Havaalanında da sabahladım, garda da, otelde de, hostelde de, oranın yerlisi insanların evinde de. Couchsurfing (internet üzerinde faaliyet gösteren uluslararası bir misafirperverlik servisi) uygulamasını kullanarak sadece 75 lira ödedim konaklamaya bir ay boyunca. Ve dünyanın her yerinden arkadaşlarım oldu. Seyahatim boyunca nerdeyse hiç yalnız kalmadım.
Kadın başına yolculuk tehlikeliden çok tedirgin edici. Tek başınıza sırt çantanızla her yerde dikkat çekiyorsunuz. Gözünüzü dört açıp, temkinli olmanız gerekiyor. İnsanların size olan tutumlarından sürekli çıkarım yapmak zorundasınız. Ama ne olursa olsun yine en güzeli tek başınıza çıkmak. 18 yaşında çok güzel deneyimler kazandım.
2- En çok beğendiğin ülke veya ülkeler hangisiydi?
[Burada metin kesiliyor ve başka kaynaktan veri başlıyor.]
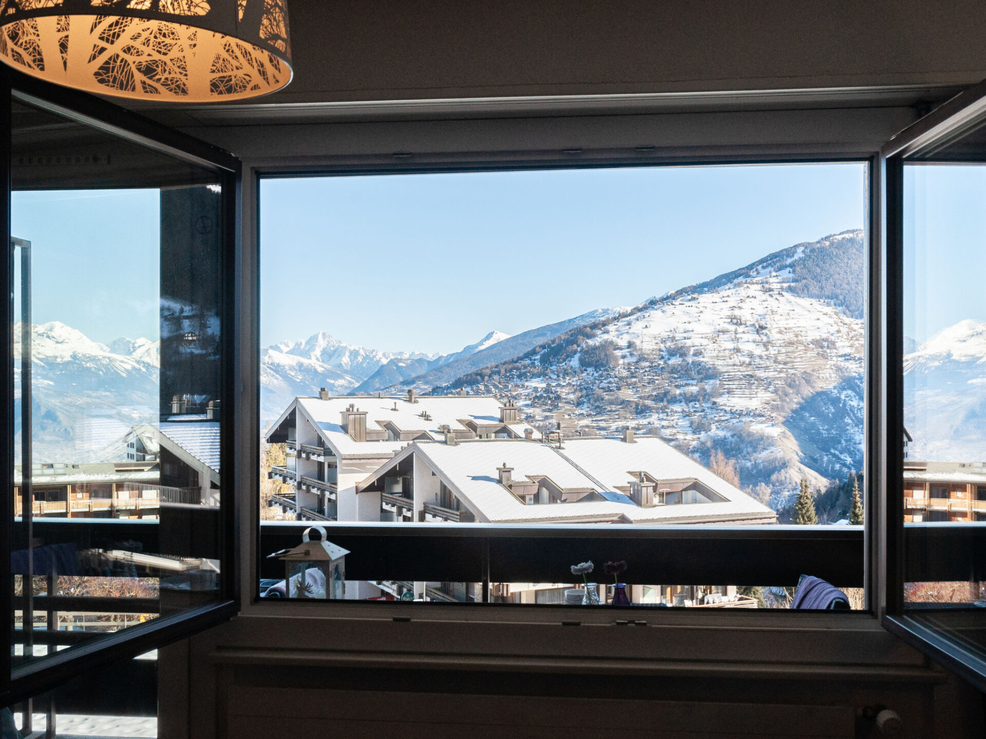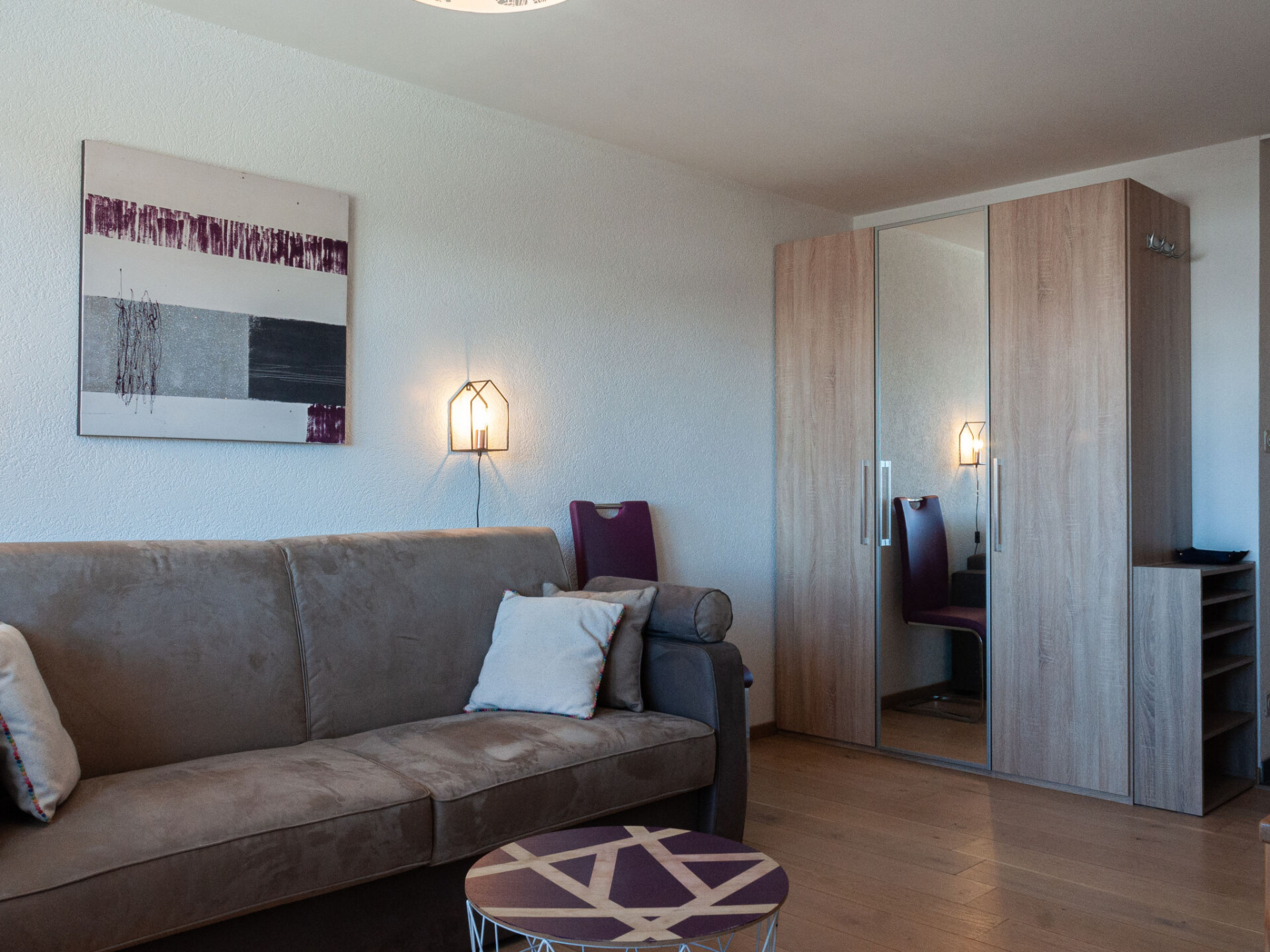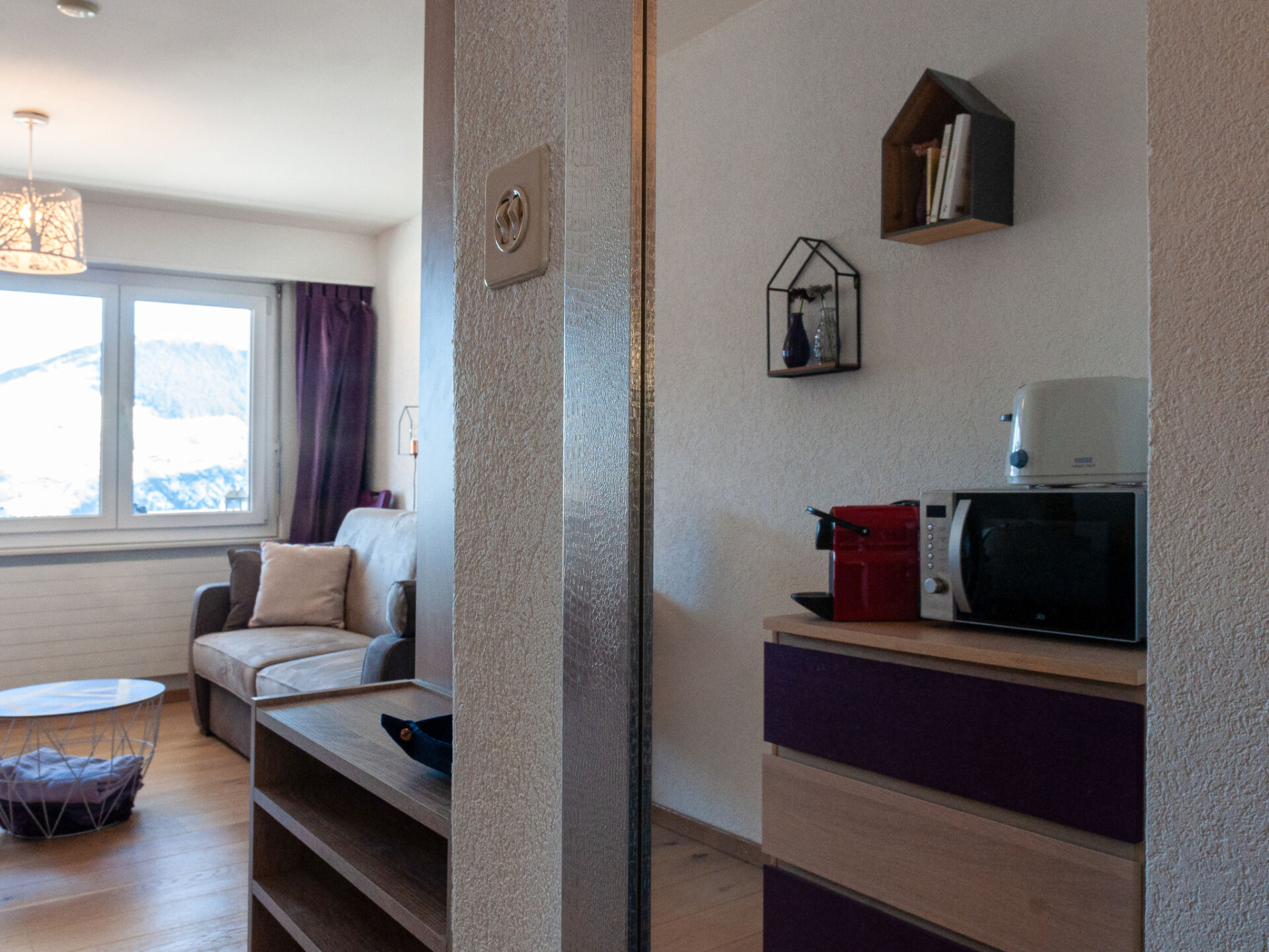 "Valaisia 24A", appartement 1-kamer 25 m2 op de 2e verdieping. Volledig gerenoveerd in 2017, mooi en modern ingericht: woon-/slaapkamer met 1 2-pers divanbed (1 x 160 cm, lengte 190 cm), Kabel-TV. Uitgang naar het balkon, op het noorden en op het oosten. Keuken in de hal (2-pits kookplaat, broodrooster, waterkoker, magnetron, elektrische koffiemachine, pads voor de koffiemachine (Nespresso) extra, raclette oven, fondue Set (kaas)). Douche/WC. Balkonmeubilair. Zeer mooi uitzicht op het dal. Ter beschikking: haardroger. Internet (WiFi, gratis). Niet rokers woning. 06.01.24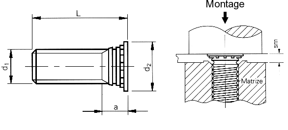 Flush head studs for through-holes not requiring additional deburring or welding. Available in different lengths. Specially suitable for VA sheets and other sheet metals.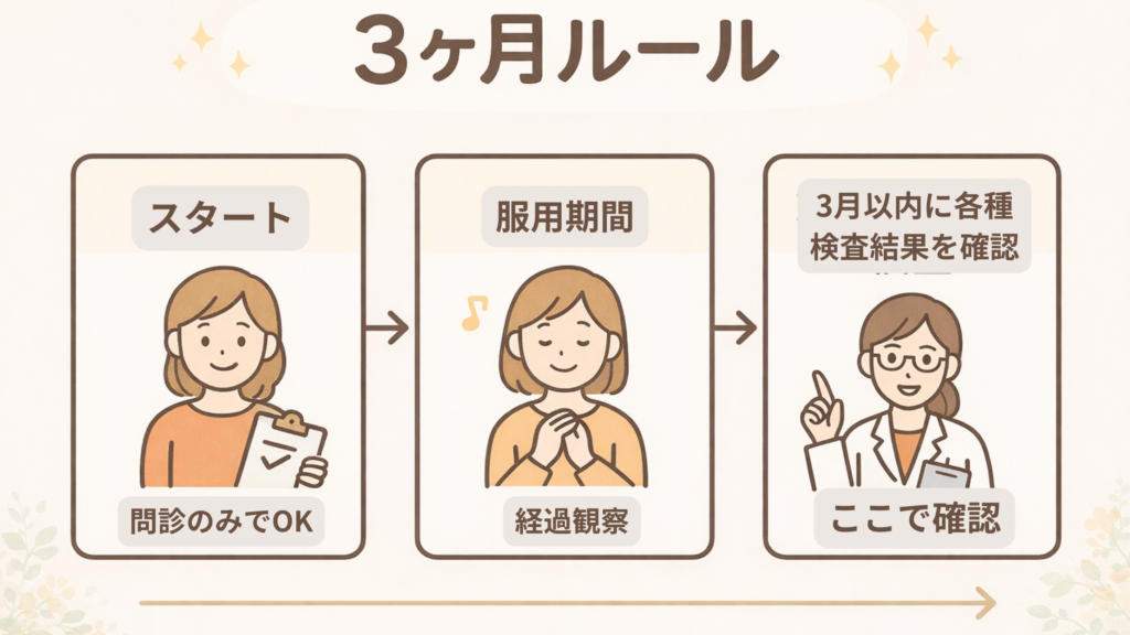 もし3ヶ月を過ぎても検査結果の提出がない場合は、患者様の安全を守るため、処方を一時ストップさせていただきます。(※事前のご案内あり)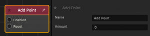 This action node increases the point score type by a specified amount. For details on how to display your score by score type, see Add Game Score.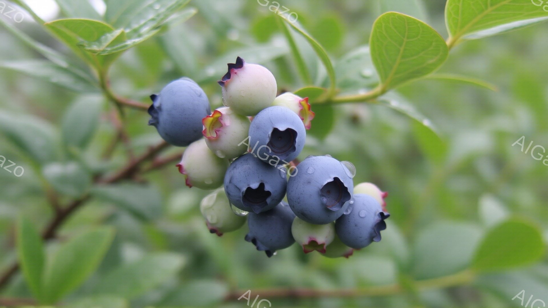 「鮮やかな青色のブルーベリーが枝に密集して実っています。まだ緑色の未熟な実と、熟して濃い青色になったものが混ざり合い、生命の躍動を感じさせます。背景には緑色の葉が」は、2025年12月09日に作成されたAI生成画像です。 фруктыをテーマとした高品質なビジュアル素材で、 1920×1080px の解像度で提供しています。 個人利用・商用利用ともに無料でダウンロード可能で、クレジット表記も不要です。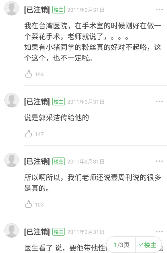 在2011年有一位自称是台湾当医学实习生在论坛爆料表示,罗志祥现身医院做男女方面的传染病,还表示传染病是被郭采洁传染的。更恶心的是,这位报料人称郭采洁在读大学期间就十分不检点,传染病都已经长到了嘴上。
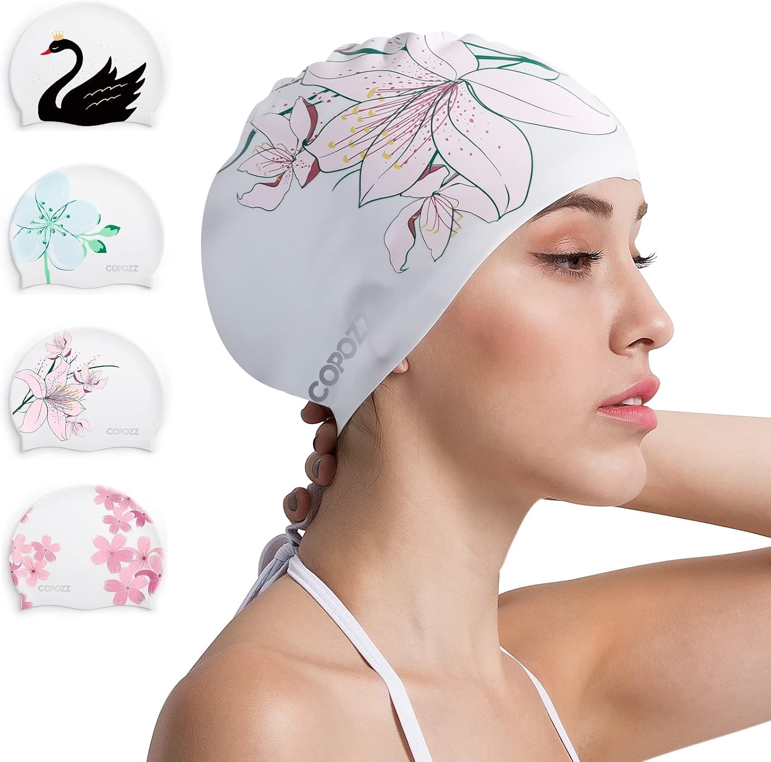 COPOZZ Stylish Silicone Swim Cap for Women – Comfortable, Durable, and Hair-Protecting Design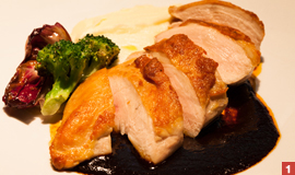 燻製料理の専門店での人気メニューは『とても柔らかい若鶏の胸肉 甜麺醤&ガラムマサラのソースで』(2,200円)。軽く味付けをした若鶏の胸肉をまずは桜のチップで30〜40分燻製にし、さらにそのお肉を袋に密封。お湯の中に入れてじっくりと火を通し、その後表面を焼いたら最後はオーブンへ。こうすることで、中はしっとりジューシー、表面はカリッとした最高の状態に。ソースは中華に使われる甘辛い甜麺醤とスパイシーなガラムマサラを混ぜ合わせたもの。ジューシーなお肉と後引く甘辛いソースがベストマッチな一品です。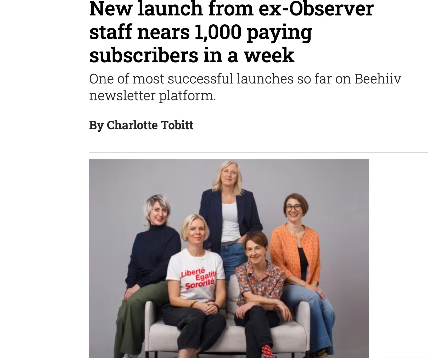 Last week, I explained how out of the rubble of my previous newspaper, five of us, all long-time colleagues from the Guardian & Observer – and all women! – have joined forces to plot a new, truly independent publication. And this week, in an adrenalin-fuelled whirlwind of action, we launched it.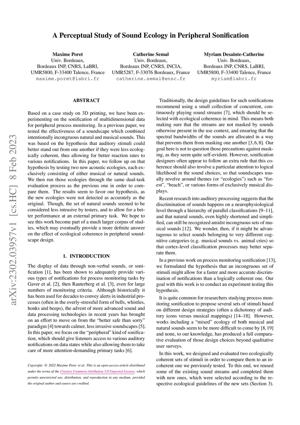A Perceptual Study of Sound Ecology in Peripheral Sonification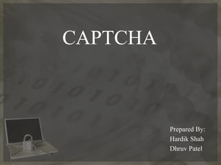 CAPTCHAs are automated tests used to distinguish humans from computers by presenting problems that are easy for humans to solve but difficult for computers. The term was coined in 2000 by researchers at Carnegie Mellon University and stands for "Completely Automated Public Turing test to tell Computers and Humans Apart". There are different types of CAPTCHAs including visual CAPTCHAs with distorted images or text, audio CAPTCHAs with distorted spoken words, and text-based CAPTCHAs involving text identification or simple questions. CAPTCHAs are commonly used to protect online polls, web registrations, and to prevent comment spam and email spam while allowing free access to services. However, they can sometimes be difficult for users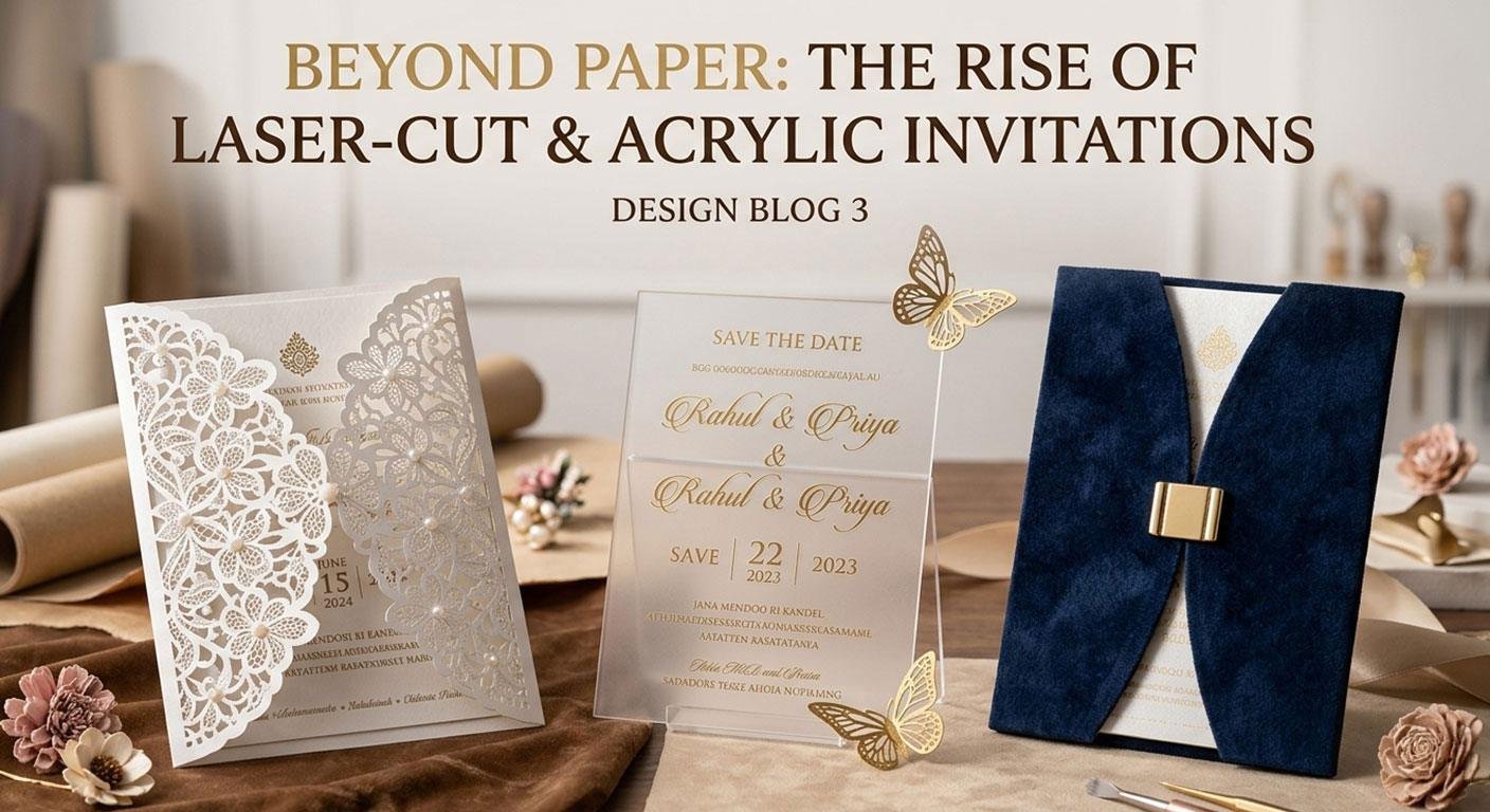 The Acrylic Edge: For the modern couple, clear or frosted acrylic cards with gold silk-screen printing provide a high-fashion, “editorial” look.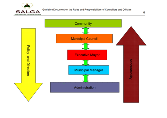 To ensure effective accountability and oversight, there must be a clear separation of powers between the municipality’s legislative body (council, mayor, executive committee) and its administrative functions. Overlapping or duplicating responsibilities can weaken oversight mechanisms.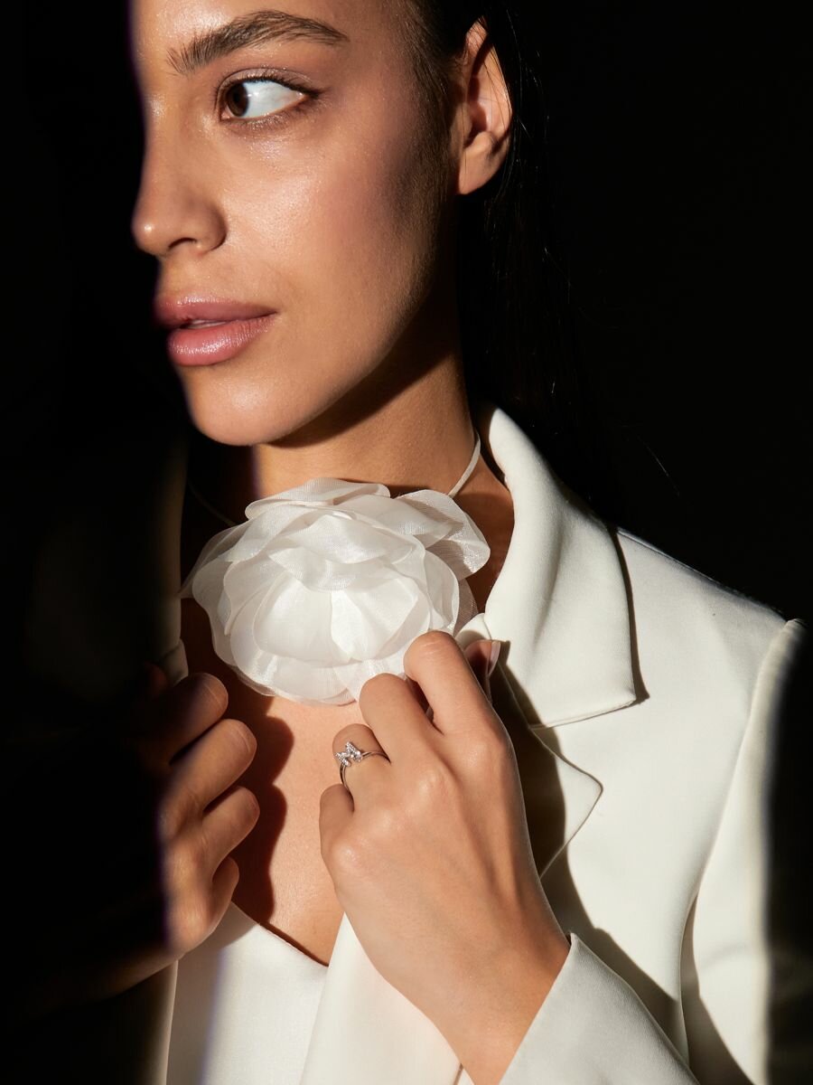 Кольцо SKAZKA Natali Romanovoi, серебро, 925 проба, родирование, фианит, размер 17.5, ширина 1.5 мм, бесцветный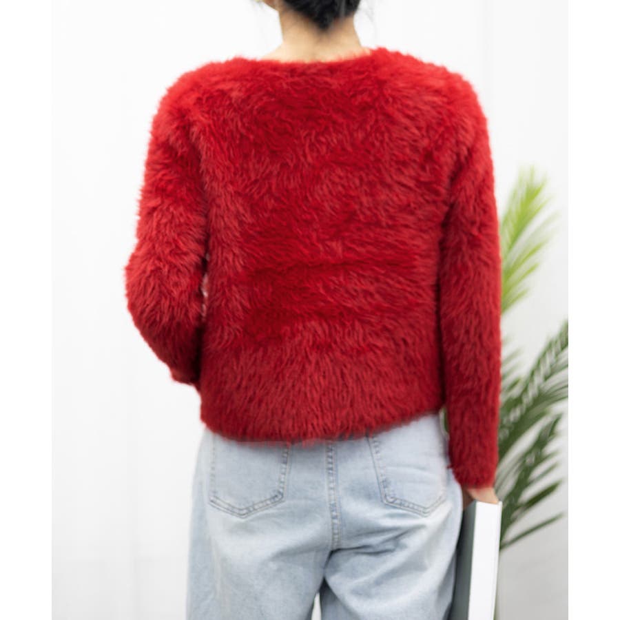 ふんわりと長い毛足、ボリューム感たっぷりに仕上げた韓国っぽショート丈レディースボアカーディガン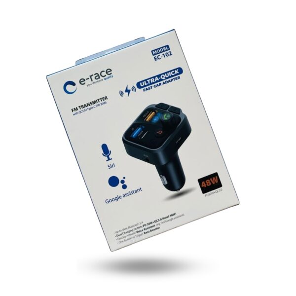 E-Race ULTRA-QUICK FAST CAR ADAPTER | FM TRANSMITER | EC-102 | PD 30W | SIRI | GOOGLE ASSIST | 48W | 1YEAR WARRANTY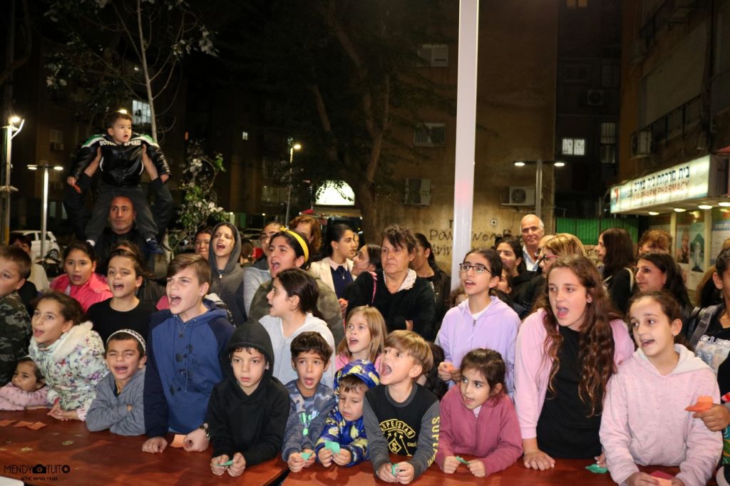המסיבה התקיימה ברחבת בית משיח במרכז המסחר השכונתי ברחוב הנביאים 3 בהשתתפות כ150 הורים וילדים כ"י.

İsveç-Stockholm kesinlikle. İner inmez havasından anlamıştım. Yeri geldi sadece oturup havasını kokladım. Gördüğüm en temiz havaydı. Adaların arasındaki o huzurlu yaşam beni çok etkiledi. En işlek caddesinde bile zaman zaman sadece bisikletlerin olması, yemyeşil alanlar, yaşam standartlarının yüksek olması, insanlarda gelecek kaygısının olmaması beni etkileyen faktörlerin sadece bir kısmı. Ve yazın gittiğim için sadece 4 saat gece yaşadım. Hatta gece bile denilemezdi, hava yine de aydınlıktı. En kısa zamanda yeniden gideceğim.
3- Avrupa’daki insanların yabancılara karşı tavırları nasıl?
Son zamanlarda göçmen sorunu yüzünden özellikle güney Avrupa ülkelerinde turistlere pek hoş gözle bakılmıyor. Yerel halk her zaman yardımsever, İngilizce bilmese bile yardım etmeye çalışanlar oluyor ama restoran, esnaf ve taksi şoförleri pek hoş karşılamıyor, dolandırıyor.
4- Bu Avrupa turu sana neler kattı?
“Yolda olmak” benim için sadece bir ülkeye gidip orda güzel fotoğraflar çekilip, yöresel yemeklerini yemek değil. Bunları da yaptım tabiki de ama bence seyahatimin en güzel kısımları sınırlarımı zorlayan kısımlardı. Düştüğünüzde sizi kaldıracak bir el yok, kendiniz kalkmak zorundasınız.Tek başıma olmanın en verimli yanlarından biridir. Çok güzel tecrübeler edindim.
5- Sırada buna benzer bir seyahat var mı?
Avrupa’daki bisiklet kültüründen çok etkilendim. 7’den 70’e herkesin bisiklet kullandığı şehirlerde bulundum. Bizim ülkemizde özellikle İstanbul’da bunu yaşamak çok zor şu anlık. En yakın zamanda gerekli ekipmanları toplayıp daha zor ve gizemli topraklara, Asya’ya bisikletle seyahat etmek istiyorum.
6- Gitmek isteyenlere ne gibi tavsiyelerde bulunursun?
Korkulardan kaçmayın, dile getirin, onlarla yüzleşin ve çekip içinizden atın. Yola çıkmak için birisini bulmaya çalışmak yıllarınızı ve hevesinizi elinizden alabilir, tek çıkın. İnsan her yerde aynı insan; dili, ırkı, kültürü ne olursa olsun. İnsanlara gülün, en güzel iletişim şekli budur. Yardım edin karşılık beklemeden, kat kat daha fazlasını alacaksınız. Kaybolun, yağmurun altında ıslanın, aç kalın, susuz kalın, hayalsiz kalmayın.